2025年大会の振り返り
公式発表で確認できる2025年課題
HPC-AI Advisory Councilの2025年結果PDFでは、2025年大会の課題が次のように説明されています。
| 部門 | 課題 |
|---|---|
| HPC Track | NWChemによる計算化学シミュレーションの実行時間最小化 |
| AI Track | SGLangを使ったDeepSeek-R1 671B推論スループット最大化 |
公式PDFでは、参加者がprofiling、algorithmic refinements、architecture-specific tuningを使ってHPC/AI性能を改善したことも説明されています。
日本チームの結果
東京農工大学などのプレスリリースでは、理研R-CCSが支援した4チームの入賞が確認できます。
| チーム | 賞 |
|---|---|
| T0M0K4ZU w/ RIKEN | 総合部門 Merit Award |
| Moralistars w/ RIKEN | HPC部門 Best HPC Performance賞 |
| SQUID w/ RIKEN | HPC部門 Excellent HPC Performance賞 |
| Kisarazu Big Branch team w/ RIKEN | AI部門 Excellent AI Performance賞 |
このプレスリリースでは、理研R-CCSが2025年大会から学生出場支援事業を開始し、練習用計算資源として九州大学のスーパーコンピュータ「玄界」の利用支援などを行ったことも説明されています。
参加記から得られる実践知
木更津高専チームの参加記は公式ルールではありませんが、初心者チームが何に詰まるかを知るうえで有用です。
主な学びは次の通りです。
- 最初の数週間は、最適化以前にクラスタ、VPN、2FA、ジョブスケジューラ、モデルロードに慣れる時間になる。

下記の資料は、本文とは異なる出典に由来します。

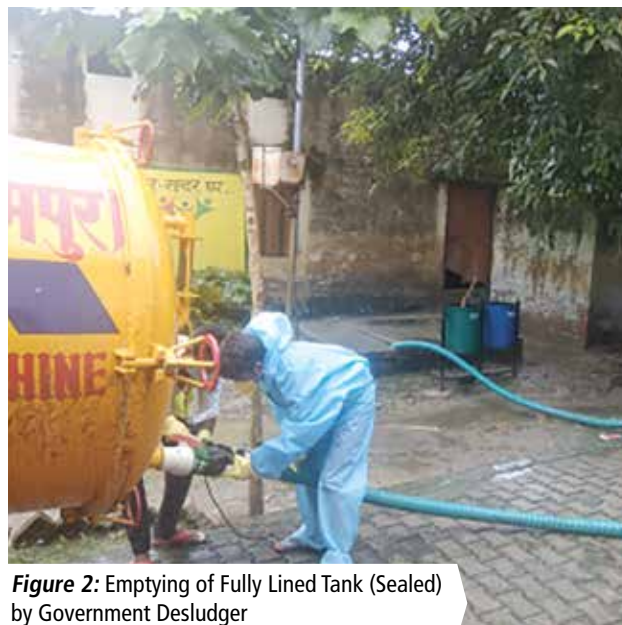
Figure 2: Emptying of Fully Lined Tank (Sealed) by Government Desludger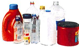
Plastic Bottles , Jars & Jugs (narrow neck) containers labeled #1 and #2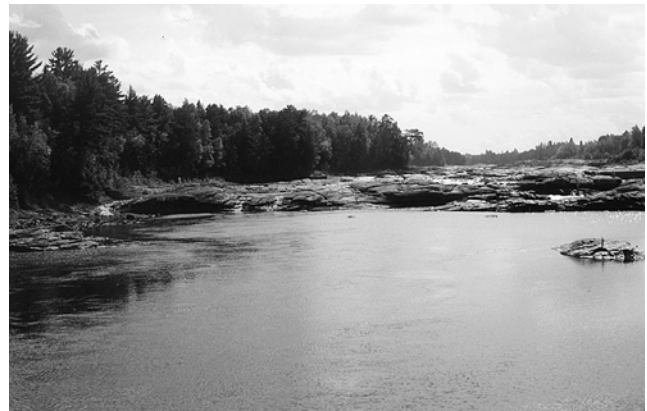
Figure 8: Head of tide on Nepisiguit River.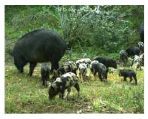
The Sierra Club will have a presentation about trap-camera technology during its August meeting.

If you are interested in an online version, please email the Condor editor at rwilde@pmcpoa.com or contact the Business Office in person or by phone at 242-3788 to let us know. Please provide us with your name as it appears on the property title, tract and lot number if possible, and your property or mailing address, phone number and email address. Save money, trees, and postage costs!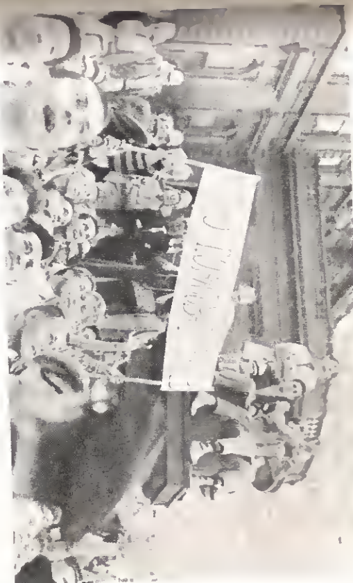
Citizens of San Francisco welcoming Khrushchev.

Some of the unionists then contended that the Soviet Union was reluctant for some reason to expand Soviet-American cultural relations. N. S. Khrushchev retorted that false assertion. He stressed that in reality it was the American side which was stalling, and

- 2025年のAI側では、SGLang公式ドキュメントとブログを読み、parallelism、batch size、network、attention、MoE/MTPなどを調べている。
- 実験は300回規模になり得るため、実験前に仮説を書き、実験後に設定、結果、ログ、解釈を残す仕組みが必要。
- 成功例だけでなく、期待した高速化が出なかった例も重要。例えばDP Attentionは文献上よく見えても、実環境ではスループットが落ちる可能性がある。
2026年に引き継ぐべき教訓
- ベースラインをまず動かす。
- 実行時間、ロード時間、I/O、ネットワーク、GPU使用率、CPU使用率を分けて見る。
- 「速くなった」ではなく、「どのメトリクスが、どの条件で、どれだけ変わったか」を記録する。
- 大会ルール上禁止される可能性がある変更を、早い段階でリストアップする。
- プレゼン評価もあるため、最終スコアだけでなく実験設計と説明可能性を残す。